Я выпустил веревку. Поднять руки не было сил. Полный провал, срок, суд. Стреляйте меня на месте. Пусть лучше пуля, чем новый срок. «Ну что-о? Наклал в штаны?» — Издевательский тон, хамское ликование, но по голосу не Дубарев и не Папа-Римский. Я, еле повернув головы кочан и чувств никаких не изведав, увидел в проёме сидящего на пятой точке Питерского и больше никого, никаких силуэтов с оружием. «В-в-володя!..» — Я потерял дар речи, на карачках к нему передвинулся, руку протянул, тормошу, не могу поверить, что это он, и не знаю, что со мной будет через мгновение. Я готов откинуть копыта, и диагноз ни одно светило не установит. Он что, перелетел через запретку обратно? Тридцать метров летел над колючей проволокой и в свете прожектора? «Копальщики! — саркастически воскликнул Питерский. — Метростроевцы, мать-перемать! Шахтёры, передовики, проходчики!» Веселись, Володя, заводись, главное — нет надзора и не надо мне руки вверх. Какое счастье, что мы с ним здесь, по эту сторону, а не по ту! Спаси нас, лагерь, отныне и навек ты наш родной дом!

«В чем дело, Володя?» — выговорил я сквозь клацание зубов. «Куда мы рыли, ты знаешь?» Я уже догадываюсь, куда-то не туда, какая-то вышла глупость, но как хорошо, что мы с ним в лагере, а не на воле. «Осёл, козёл и косолапый мишка решили строить мост. Все высказались, дошла очередь до осла, и он говорит: а как мы будем строить мост, вдоль или поперёк? Ты меня понял?» Нет. Пока нет. Я понял пока, что Бог есть, и он меня спас. Без молитвы. Что же произошло? Володя влез на моих глазах в подкоп, полез на выход в тайгу, а вернулся совсем другим путем. Галлюцинация, фокус, цирк.

«Куда мы вышли, Володя?» — «Черный ход в столовую знаешь? Куда все придурки ходят?» Я сам туда хожу, когда вызывают пробу снимать в пять утра. Дверь со стороны запретки на том углу корпуса. «Папа-Римский пошел бы утром визу ставить на котловое довольствие и рухнул в наше метро по самый козырёк! Ха-ха!» — «Ох-ха-ха-ха-о-о-ох!» Мы покатились со смеху, изгибаясь на земле в разные стороны, ржали до икоты, до боли в животе, в спине и в затылке. Мы радовались. Где-то в самой-самой глубине утробы мы не хотели бежать, не хотели новой мороки. В нас ликовала свобода.
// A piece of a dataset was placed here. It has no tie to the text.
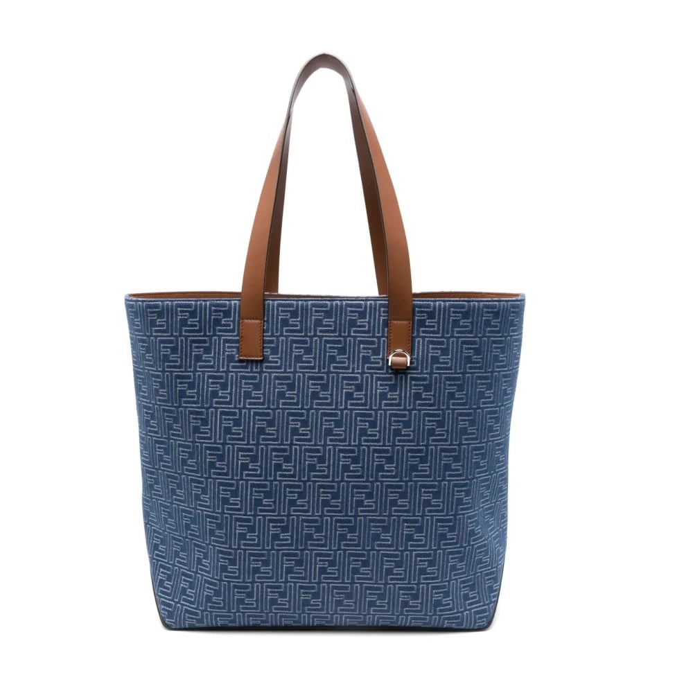 Fendi, Tasker , Herre, Blå, ONE SIZE, Denim, FF Jacquard Denim Medium Shopping Bag

Всё просто — мы сбились с курса и прорыли нору вдоль запретки, а не через нее.

Помню, в трибунале после допроса капитан Козлов позвонил Вете домой: приходите. Он разрешил нам сесть в коридоре на диван, а сам по телефону стал вызывать конвой. Сидели мы с ней рядышком, рука в руке, был уже вечер, трибунал опустел. Рядом было открыто окно. Первый этаж. Перелез — и айда в сторону, куда глаза глядят. Но я не хотел бежать. Я тогда берёг своё будущее, оно только-только проклюнулось. Трибунал вернул меня на место, к самому себе. Я принял тюрьму ради будущей свободы. Конвоя не было долго, Козлов вышел покурить, и я ему сказал, сам дойду до Узбекской номер один, вот моя сопровождающая. Он рассмеялся — без конвоя тюрьма не примет. Была бы картинка: стучу в ворота, ломлюсь в узилище, а они в панике меня отпихивают, гонят взашей, иди, ищи себе конвой.

Так закончился наш подкоп — символически. Сколько ни рой, сколько ни рвись из лагеря, всё равно выйдешь туда же, ибо лагерь у нас — вся страна…
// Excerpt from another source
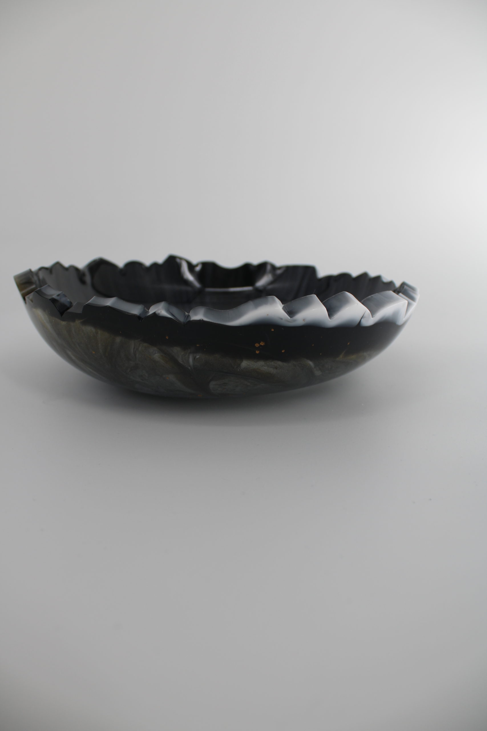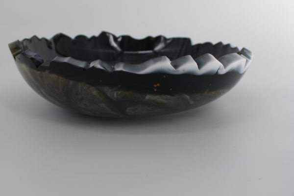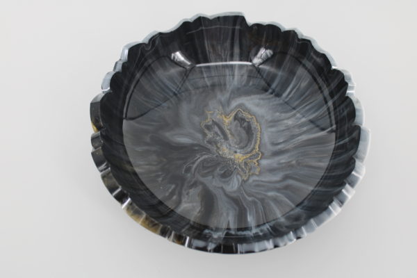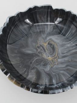 Schaal Goud zwart wit Epoxy Stijlvolle epoxy schaal in diepe zwart- en grijstinten met een zachte glans en unieke rand. Schaal goud zwart Schaal sage

К слову, как я потом узнал. Рыть надо, зажигая свечу, время от времени, или хотя бы спичку, чтобы другой видел, что идем по прямой.
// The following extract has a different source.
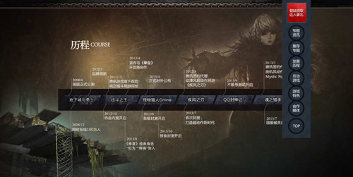 该站首页排版风格与腾讯旗下多款游戏产品官网索引页近似,主体部分由一部内嵌于页面的视频、一个滚动焦点图推荐位和一个新闻推荐列表构成,同时兼顾了直观表现、实时热点推送和详细资讯推送三大基本功能。而接下来的几个页面,内容则更加丰富,每一个子页面,都有一个明确,且独具特色的主题。例如,在以“历程”为主题的子页面里,通过一个清晰的时间轴,让玩家能够准确了解到腾讯旗下动作品类网游的发展历程。简单来说,整个页面便是一部腾讯动作品类的发展编年史。

На другой день я начал писать роман, и успокоил себя мечтой. Закончу, пошлю в Кремль. Присудят Сталинскую премию, и тогда… В истории уже был момент, когда правитель признался, что лучше освободить народ сверху, пока он не начал освобождать себя снизу.

26

Я начал писать роман, и сразу всё вокруг вошло в литературную колею — поступил в больницу вор по кличке Пушкин, кладезь лагерного фольклора, за ним вскоре поступил фашист Глаголев, знаток Есенина и его защитник, за что и срок, наконец, из Красноярска я получил отзыв на свои рассказы, такой, что… Но всё по порядку.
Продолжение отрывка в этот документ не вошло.